For purposes of this part, Section 55 of the Internal Revenue Code is modified as follows:
  (a) Section 55(b)(1) of the Internal Revenue Code, relating to tentative minimum tax, is modified by requiring the tentative minimum tax for the taxable year to be imposed as follows:
  (1) With respect to corporations subject to tax under Chapter 2 (commencing with Section 23101), other than banks or financial corporations, according to or measured by net income, for the privilege of doing business within this state, at a rate of 7 percent upon the basis of so much of the alternative minimum taxable income for the taxable year as exceeds the exemption amount.
  (2) With respect to corporations subject to tax under Chapter 3 (commencing with Section 23501), on net income from sources within this state, at a rate of 7 percent upon the basis of so much of the alternative minimum taxable income for the taxable year as exceeds the exemption amount.

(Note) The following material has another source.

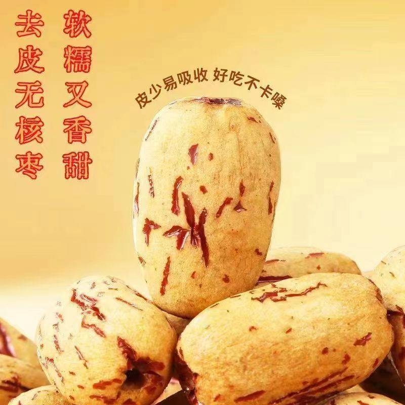 📚 新疆去皮无核免洗若羌去核虎皮饱满灰枣无皮即食红枣煮粥零食煲汤

  (3) With respect to organizations or trusts subject to tax under Article 2 (commencing with Section 23731) of Chapter 4, on the unrelated business income from sources within this state, at a rate of 7 percent upon the basis of so much of the alternative taxable income for the taxable year as exceeds the exemption amount.
  (4) With respect to banks subject to tax under Section 23181, according to or measured by net income, for the privilege of doing business within this state, in an amount equal to the sum of the following:
  (A) At a rate of 7 percent upon the basis of so much of the alternative minimum taxable income as exceeds the exemption amount.
  (B) At the rate determined under Section 23186, less the rate prescribed by Section 23151, upon the basis of net income for the taxable year.
  (5) With respect to financial corporations subject to tax under Section 23183, according to or measured by net income, for the privilege of doing business within this state, in an amount equal to the sum of the following:
  (A) At a rate of 7 percent upon the basis of so much of the alternative minimum taxable income as exceeds the exemption amount.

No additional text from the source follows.